- DATA UNDER STUDY
--------------------------------------------------

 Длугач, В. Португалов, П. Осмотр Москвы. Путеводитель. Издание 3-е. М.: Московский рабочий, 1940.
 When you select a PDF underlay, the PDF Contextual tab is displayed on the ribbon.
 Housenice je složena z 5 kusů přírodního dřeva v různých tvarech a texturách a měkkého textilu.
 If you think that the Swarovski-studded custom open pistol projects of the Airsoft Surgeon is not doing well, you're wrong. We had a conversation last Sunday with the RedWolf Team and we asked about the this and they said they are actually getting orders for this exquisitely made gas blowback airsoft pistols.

--------------------------------------------------

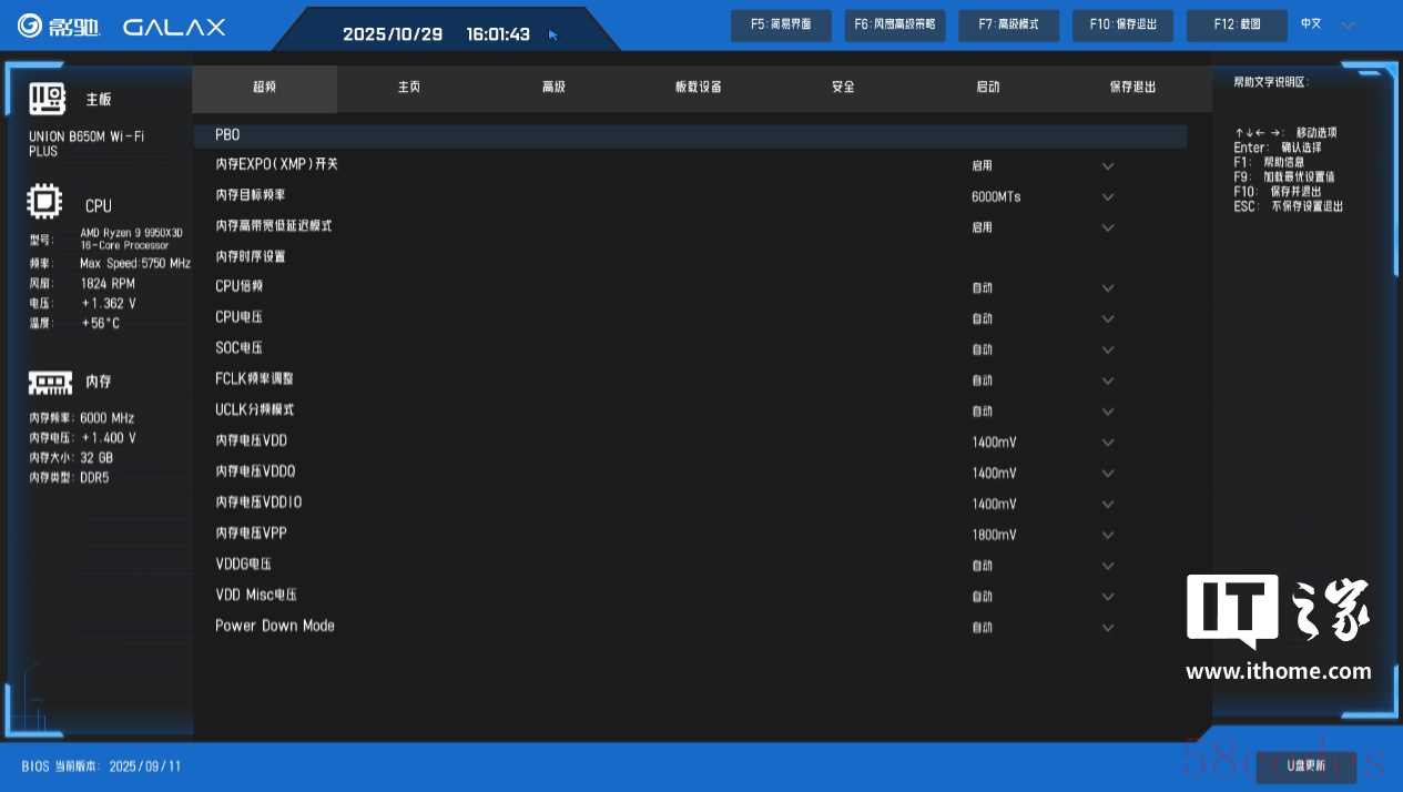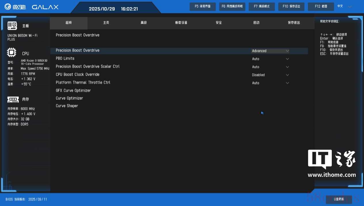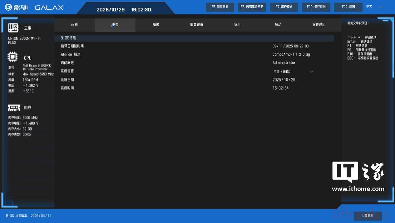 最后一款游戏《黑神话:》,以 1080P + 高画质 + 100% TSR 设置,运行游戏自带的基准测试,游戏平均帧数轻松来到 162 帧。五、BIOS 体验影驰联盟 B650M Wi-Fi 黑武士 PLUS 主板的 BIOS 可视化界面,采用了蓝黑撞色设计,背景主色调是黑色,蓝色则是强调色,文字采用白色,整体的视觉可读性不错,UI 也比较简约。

--------------------------------------------------

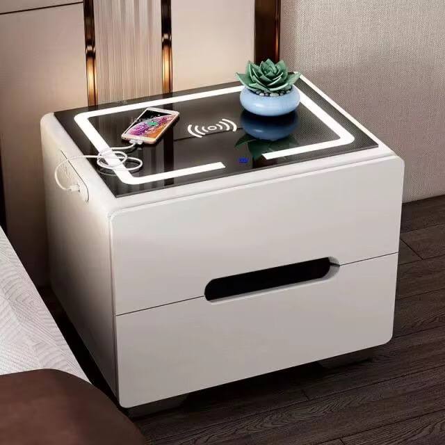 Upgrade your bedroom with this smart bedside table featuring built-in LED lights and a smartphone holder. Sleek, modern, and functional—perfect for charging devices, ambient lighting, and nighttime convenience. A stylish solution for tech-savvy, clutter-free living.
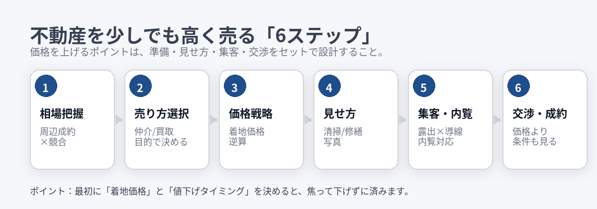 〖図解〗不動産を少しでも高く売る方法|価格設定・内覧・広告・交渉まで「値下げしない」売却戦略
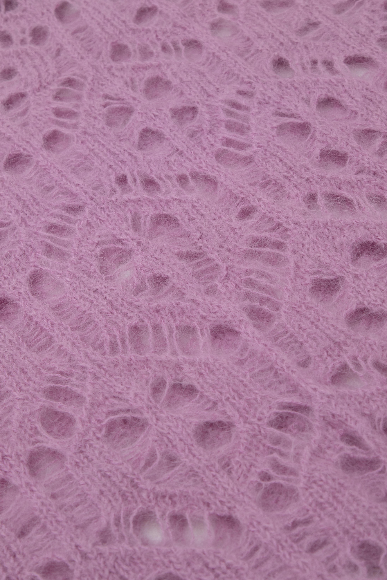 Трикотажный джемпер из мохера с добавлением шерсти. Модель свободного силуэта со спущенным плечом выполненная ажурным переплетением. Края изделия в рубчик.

--------------------------------------------------

- WHAT THE EXERCISE ASKS
Every line above from the line with "Длугач, В. Португалов, П." to the line with "If you think", both included, must be reproduced exactly, and no other line may appear.

- RESULT FOR THIS EXERCISE
 Длугач, В. Португалов, П. Осмотр Москвы. Путеводитель. Издание 3-е. М.: Московский рабочий, 1940.
 When you select a PDF underlay, the PDF Contextual tab is displayed on the ribbon.
 Housenice je složena z 5 kusů přírodního dřeva v různých tvarech a texturách a měkkého textilu.
 If you think that the Swarovski-studded custom open pistol projects of the Airsoft Surgeon is not doing well, you're wrong. We had a conversation last Sunday with the RedWolf Team and we asked about the this and they said they are actually getting orders for this exquisitely made gas blowback airsoft pistols.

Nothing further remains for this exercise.